Mathematics of Continual Learning
Liangzu Peng, René Vidal
TL;DR
This paper establishes a principled bridge between continual learning and adaptive filtering by mapping classic adaptive-filtering algorithms—LMS, APA, RLS, and Kalman Filter—onto continual-learning scenarios. It shows that LMS can be viewed as an online, memoryless learner with exponential convergence on linear tasks, while APA integrates past data via constraint projections; RLS and KF generalize these ideas to weighted past data and state-space task relationships, with RTS smoothing enabling positive backward transfer.
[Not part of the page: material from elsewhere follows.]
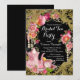 Convite Festa do Chá da Rosa com Brilho Preto e Dourado
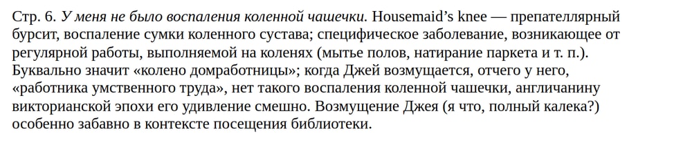 А вот как! housemaid's knee. Буквально - "колено горничной". Просторечное название того самого воспаления коленной чашечки - и мы понимаем, что у героя Джерома не могло быть этого заболевания из-за его совсем иного образа жизни. В общем, юмор утерян при медицинском термине.

The authors further connect these methods to ideal continual learning (ICL) and gradient-projection approaches, and extend the insights to layer-wise and linearized nonlinear models, providing a cohesive mathematical foundation for understanding forgetting, task relationships, and continual adaptation. Overall, the work suggests a rigorous, finitary basis for designing continual-learning algorithms, including memory-based, regularization-based, and expansion-based strategies, and points to rich future directions in nonlinear extensions and kernel- or subspace-tracking analogies.
Abstract
Continual learning is an emerging subject in machine learning that aims to solve multiple tasks presented sequentially to the learner without forgetting previously learned tasks. Recently, many deep learning based approaches have been proposed for continual learning, however the mathematical foundations behind existing continual learning methods remain underdeveloped. On the other hand, adaptive filtering is a classic subject in signal processing with a rich history of mathematically principled methods. However, its role in understanding the foundations of continual learning has been underappreciated. In this tutorial, we review the basic principles behind both continual learning and adaptive filtering, and present a comparative analysis that highlights multiple connections between them. These connections allow us to enhance the mathematical foundations of continual learning based on existing results for adaptive filtering, extend adaptive filtering insights using existing continual learning methods, and discuss a few research directions for continual learning suggested by the historical developments in adaptive filtering.